Ayr Station Hotel Community Action Group has had two well attended public meetings in April and August, the later having over 300 hundred people present, apart from a couple of people everyone wanted to keep the station hotel as an attractive gateway to Ayr, an important part of the fabric of the town and as a place of fond memories. There was also the feeling that with restoration and redevelopment, the building would provide amenities for the town which a glass and steel station would not do.


Given the chance it could provide the station and some of the following list: -

a cafe/restaurant for the use train passengers and users of the building, a bijoux hotel, a gym, a social centre, offices, student hostel and social or co-operative housing. To conserve the building and develop it sensitively would take less time than demolition and the new build option. This could take as long as two years, whereas to make safe would take months. To fix the whole roof would take about a year or so i am told but the station could function once it was made safe.


South Ayrshire Council (SAC) and NetworkRail are making the building safe, ready for a structural engineer report to be prepared. The firm Mott McDonald has been commissioned to provide this report. At the moment there is disruption to the rail services until the building is made safe by about January/February, at which point the report will be done. There is a Task Force made up of SAC, the Rail Companies and Heritage Environment Scotland etc, looking at the safety aspects of the train service and this will continue until the train service is sorted out.

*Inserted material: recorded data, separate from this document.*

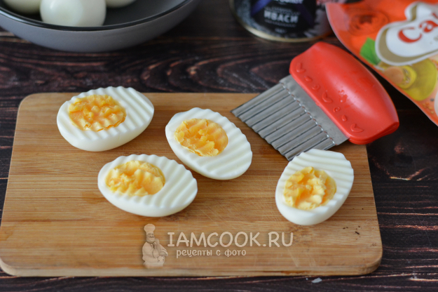 Без ложной скромности скажу, что при таком способе варки яйца получаются идеальными. Разрежьте их на половинки.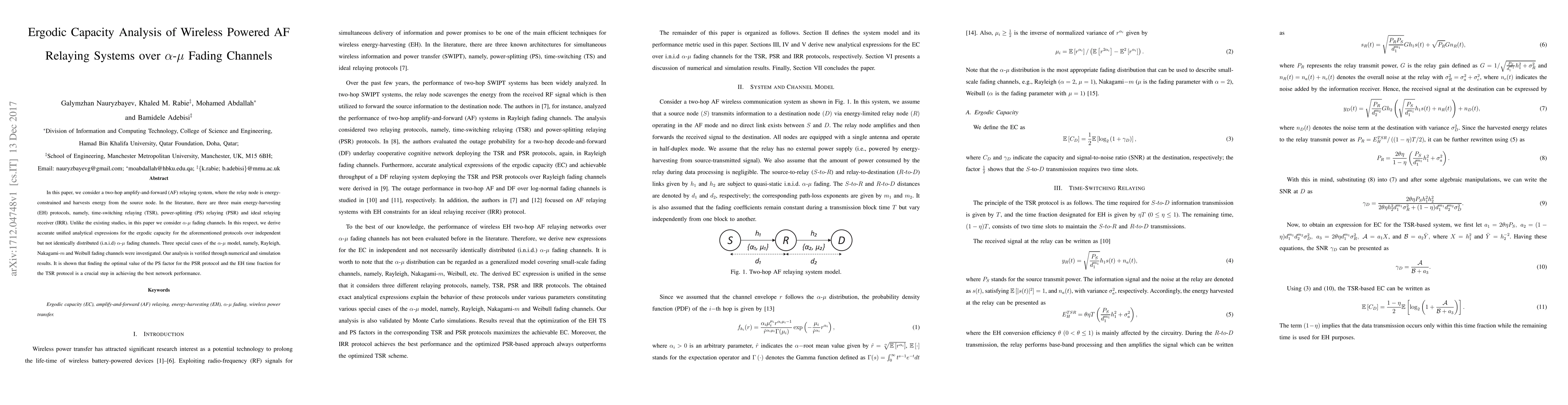 In this paper, we consider a two-hop amplify-and-forward (AF) relaying system, where the relay node is energy-constrained and harvests energy from the source node. In the literature, there are three main energy-harvesting (EH) protocols, namely, time-switching relaying (TSR), power-splitting (PS) relaying (PSR) and ideal relaying receiver (IRR). Unlike the existing studies, in this paper, we consider $\alpha$-$\mu$ fading channels. In this respect, we derive accurate unified analytical expressions for the ergodic capacity for the aforementioned protocols over independent but not identically distributed (i.n.i.d) $\alpha$-$\mu$ fading channels. Three special cases of the $\alpha$-$\mu$ model, namely, Rayleigh, Nakagami-mandWeibull fading channels were investigated. Our analysis is verified through numerical and simulation results. It is shown that finding the optimal value of the PS factor for the PSR protocol and the EH time fraction for the TSR protocol is a crucial step in achieving the best network performance.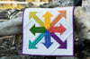 This traditionally pieced pattern creates a fun color effect thanks to blocks in two different orientations. While this pattern was designed with a rainbow selection of fabric in mind, try it with a more limited color palette as shown in the example, too! Choose from six quilt size options.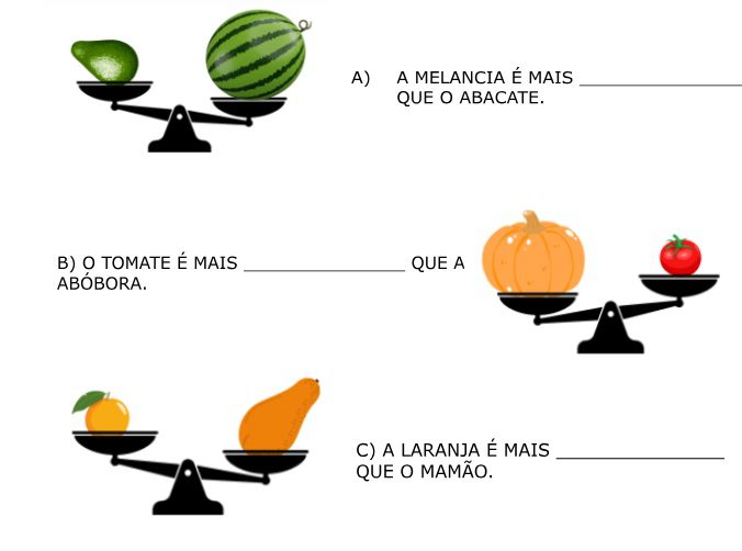 OBSERVE AS BALANÇAS E COMPLETE CADA FRASE COM A PALAVRA LEVE OU PESADA.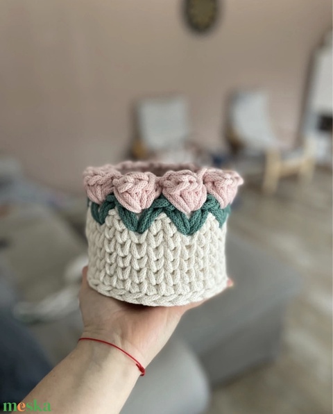 Horgolt anyáknapi tulipános tároló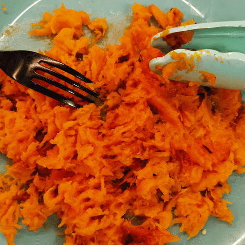 Приготовленную тыкву переложить на тарелку и прочесать вилкой, создавая волокна.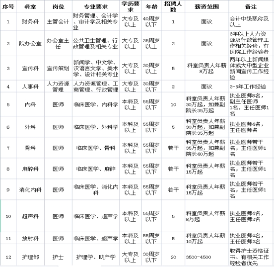 因醫(yī)院發(fā)展需要,現(xiàn)面向社會誠聘工作人員若干,具體要求如下: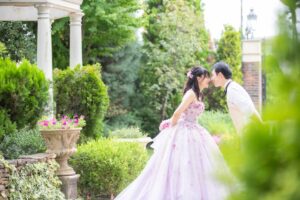 チャペルでの撮影を終えたあとは、併設されたガーデンでの撮影もお楽しみいただけます。緑に囲まれた空間や季節の花々が咲く風景の中で、自然光を活かしたやわらかな雰囲気の写真を残すことができます。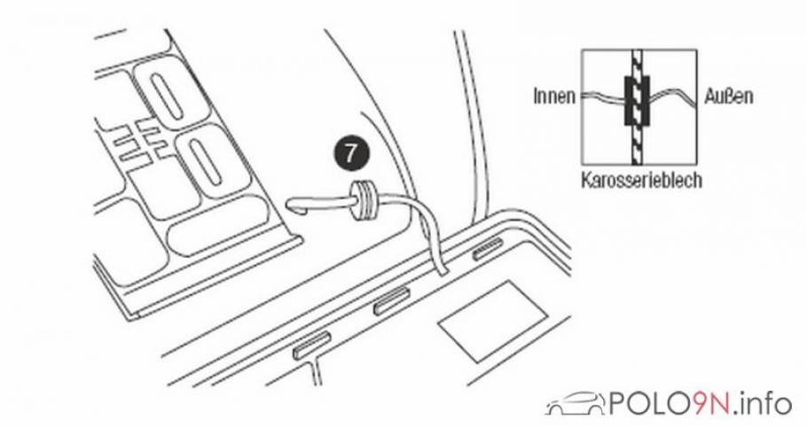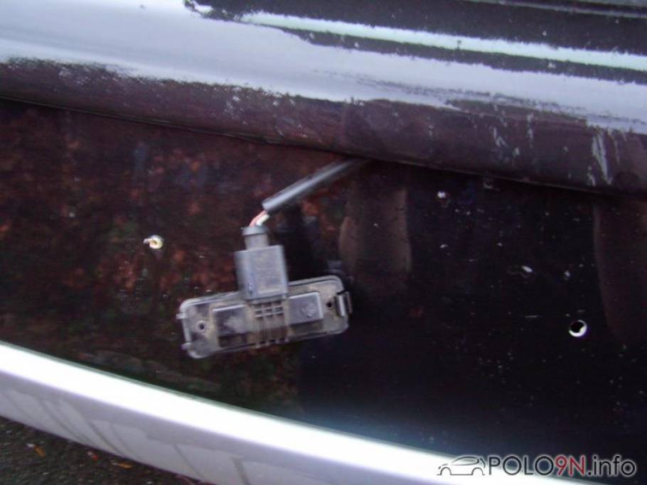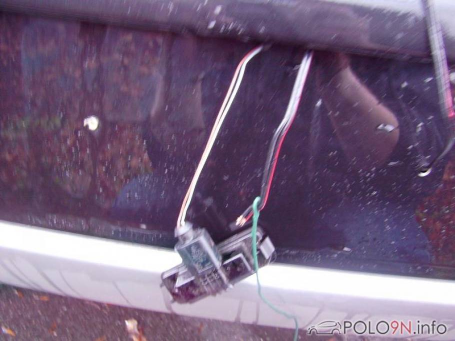 8. Stromkabel des SLN an ein Stück starren Draht befestigen und den Draht leicht rund biegen. Den Draht durch das Bohrloch führen, bis es durch die Aussparung der Kennzeichenbeleuchtung wieder herauskommt.

Meantime at our second public we had a speaker, Una Richards from Scottish Historic Buildings Trust which have an established record over 30 years of restoring important Scottish buildings. The Trust has made preliminary moves to undertaking a feasibility study and have offered to take over the buildings subject to the Report findings. They normally purchase any property they take on and complete the whole process from purchase to restoration to planning the development, to finding the funds. As the government would be obliged to pay for the whole cost of a new build, the Action Group feel that the government should be responsible for much of the cost.